It was the first time Quinn had ever shot a human being. He watched disbelievingly as the young lord crumpled to the ground, blood spreading over his chest. Then there was a flurry of activity as a group of horsemen pounded down on them. Two dismounted and grabbed his arms while the third, an older man, leaned over the fallen heir. When he looked up at Quinn, his face held a mixture of grief and fury. “You’ll pay for this…I’ll make you wish for hell…”
“Wish for hell.”
And Sethwyck had, Quinn thought.
Blue eyes. Brown eyes. Stay away from them all.
Quinn had told himself that each moment for the past week, ever since they had left Vicksburg. What confused him most was that Meredith Seaton was not even pretty, except possibly for those eyes and hair, and she certainly wasn’t the type of woman who had ever appealed to him before.
Perhaps, he told himself, his desire was only the result of abstinence.
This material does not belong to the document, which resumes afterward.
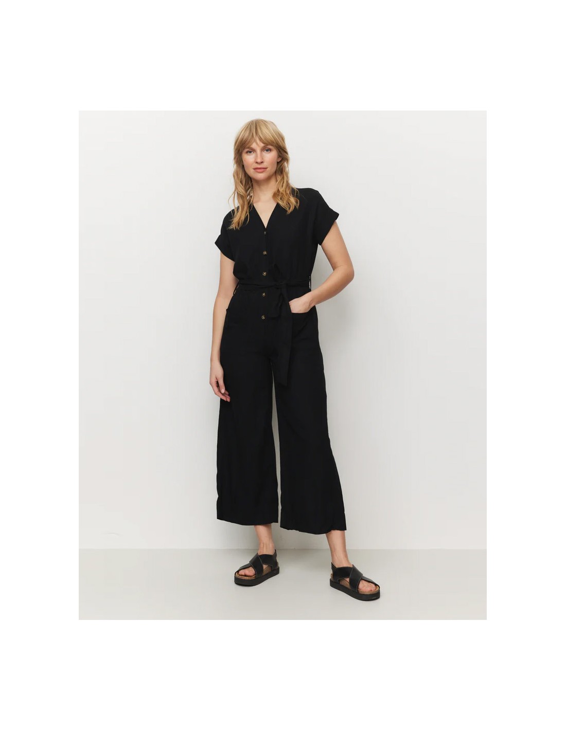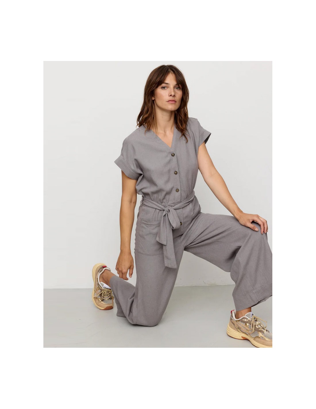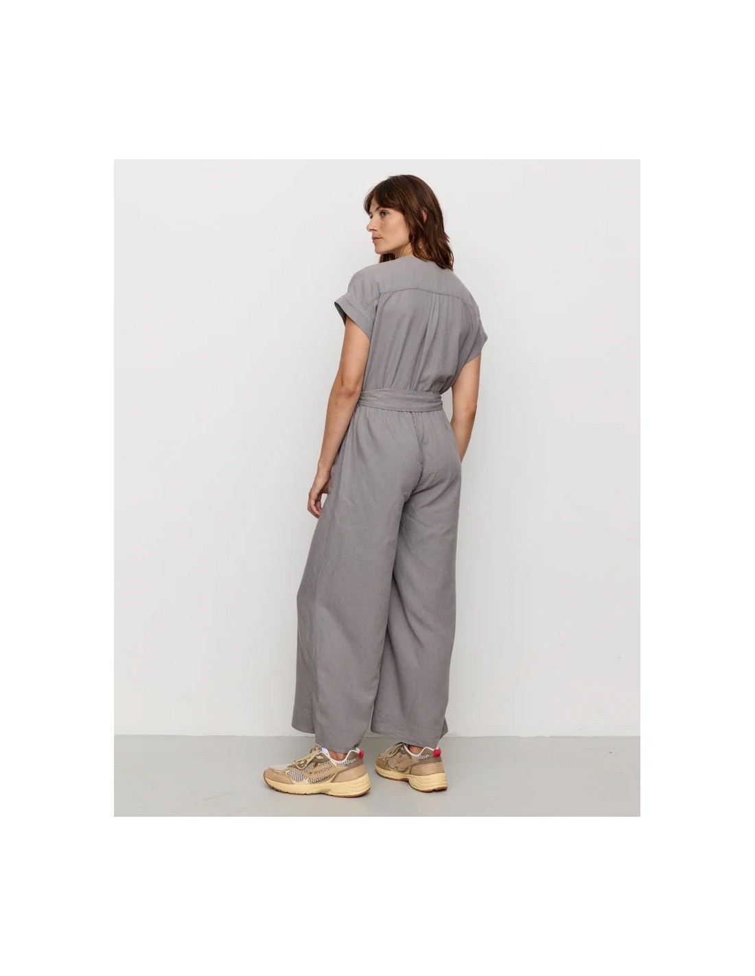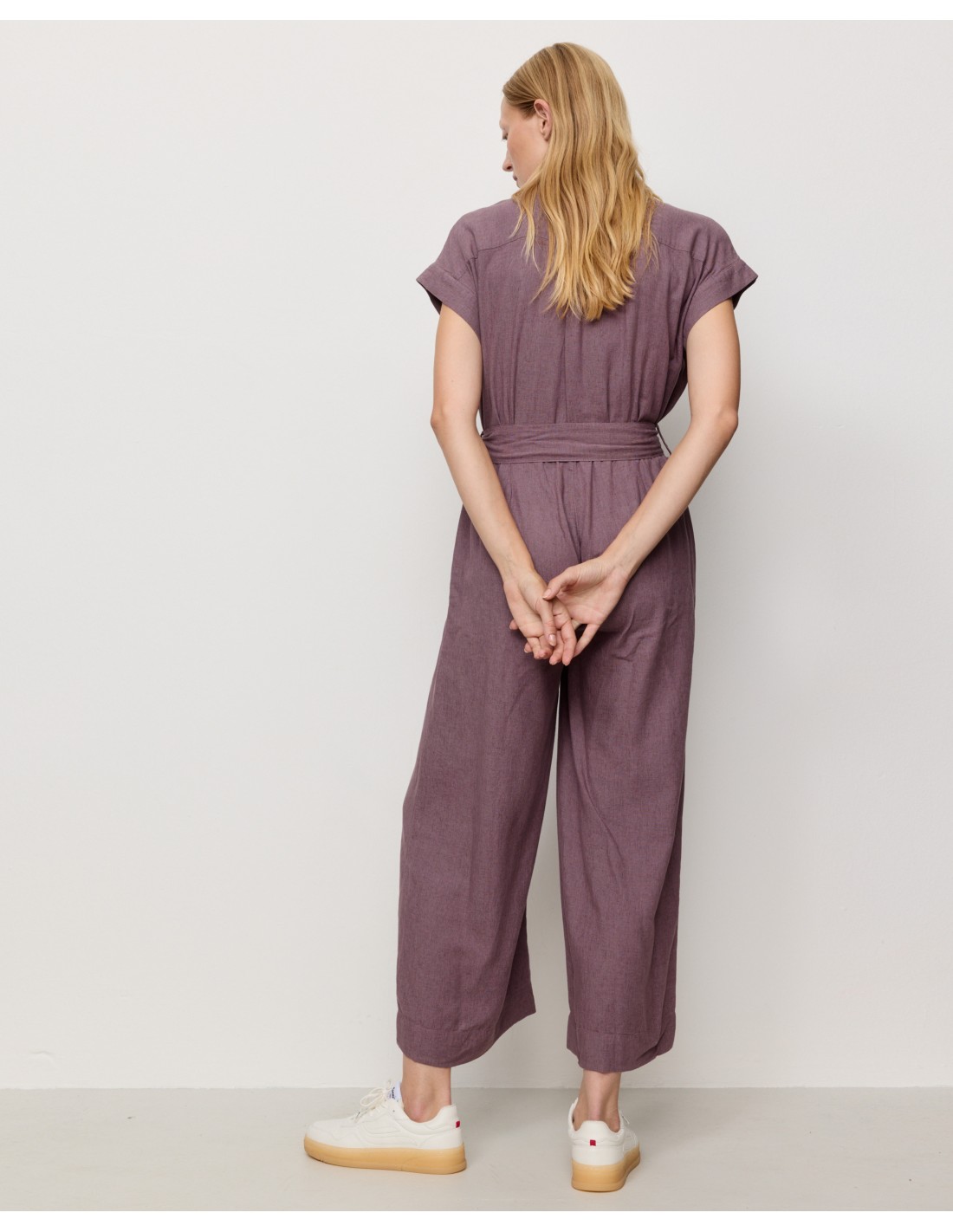 Bellissima e fluida tuta intera con cintura e pantaloni a palazzo realizzata in un morbido e fresco mix di Lino e Ecoviscosa Ecovero ™ LENZING ™. Un capo freschissimo ed elegante per la primavera e l'estate.

Any woman with two eyes, two hands and two legs would look good to him. Or perhaps the growing hunger in him was for something more, for the soft touch of a woman who wouldn’t care about his past, or even his present. Few southern women, he knew, would forgive his current activities. In the South, a slave stealer was worse than a thief; he was a danger to a whole way of life.
But the ache in his loins was more insistent than it had ever been, and he knew he had to have some relief. Perhaps it would take his mind away from the woman who was the very embodiment of everything he had come to detest. If only he hadn’t seen her that morning against the rainbow. It had put fantasies in his head, and he had no room for them there.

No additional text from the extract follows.